Marcus targets companies that can reach meaningful milestones in their first year. He wants those companies to be led by entrepreneurs who have passion and domain expertise. 

“On the supply side, on the tech side — any dimension of that business where you have some experience, rather than starting from zero,” he said. “Not that you can’t start from zero, but it’s just as an investor, I look at that as ‘You’re going to have to learn, and on somebody’s back — mine.’ ... I’ll pay you to learn some of it, but I’d rather you make mistakes on somebody else’s payroll.”

Marcus also prefers to be a hands-off investor. “Any company you have to work for, that is a bad investment,” he said. “Ironically, I’m hoping to invest in somebody who doesn’t need me. I resist the urge constantly to try to get in and do stuff for companies.”

That doesn’t mean he won’t get his hands a little bit dirty if he has skills that can be of use to a company he’s investing in, though. Marcus said the hyperloop and synthetic biology companies that he invests in each have significant engineering challenges, and while he’s not a neuroscientist or biologist, he has been able to lend his hardware expertise to that side of those businesses.
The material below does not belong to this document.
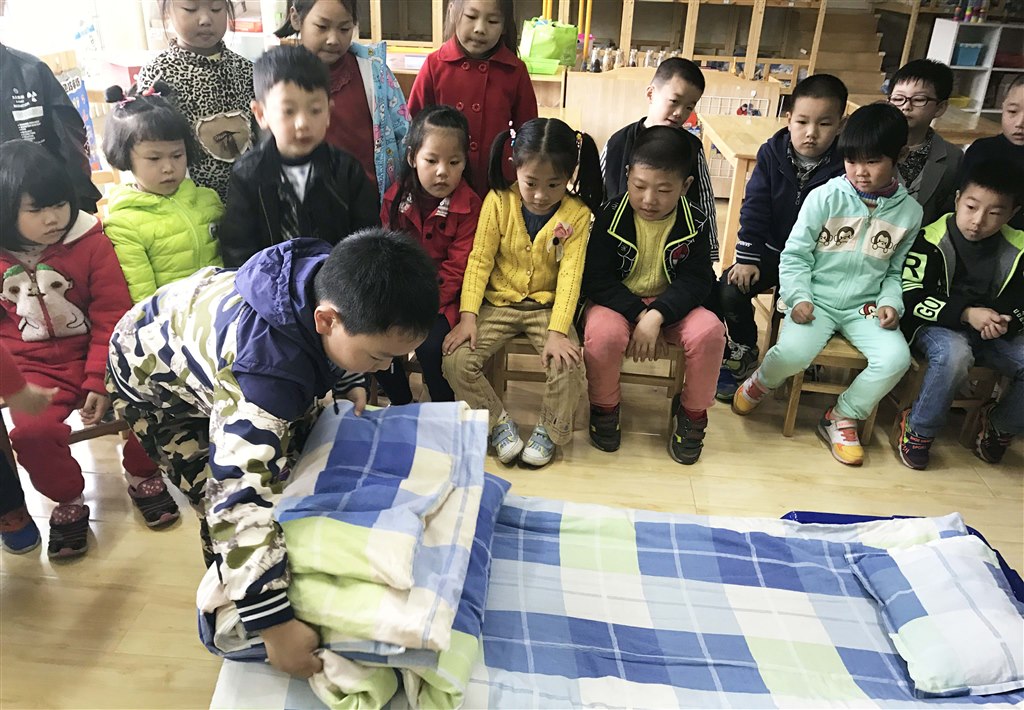 为了巩固幼儿的自我服务意识,提高孩子的生活自理能力,2017年4月17日,丽华第二幼儿园大二班举行了一次别开生面的叠被子比赛。

Here are a few companies in Riot Ventures’ portfolio:

Arrivo is designing high-speed light rail to ferry vehicles around cities and solve transit issues.

System1 uses phenotypic screening to discover novel drugs for neurological and psychiatric disorders.

Simbe Robotics is developing Tally, an autonomous system for auditing store shelves for out-of-stock items, low stock items, misplaced items, and pricing errors. 

Sentenai is a platform for streamlining the processing of sensor data.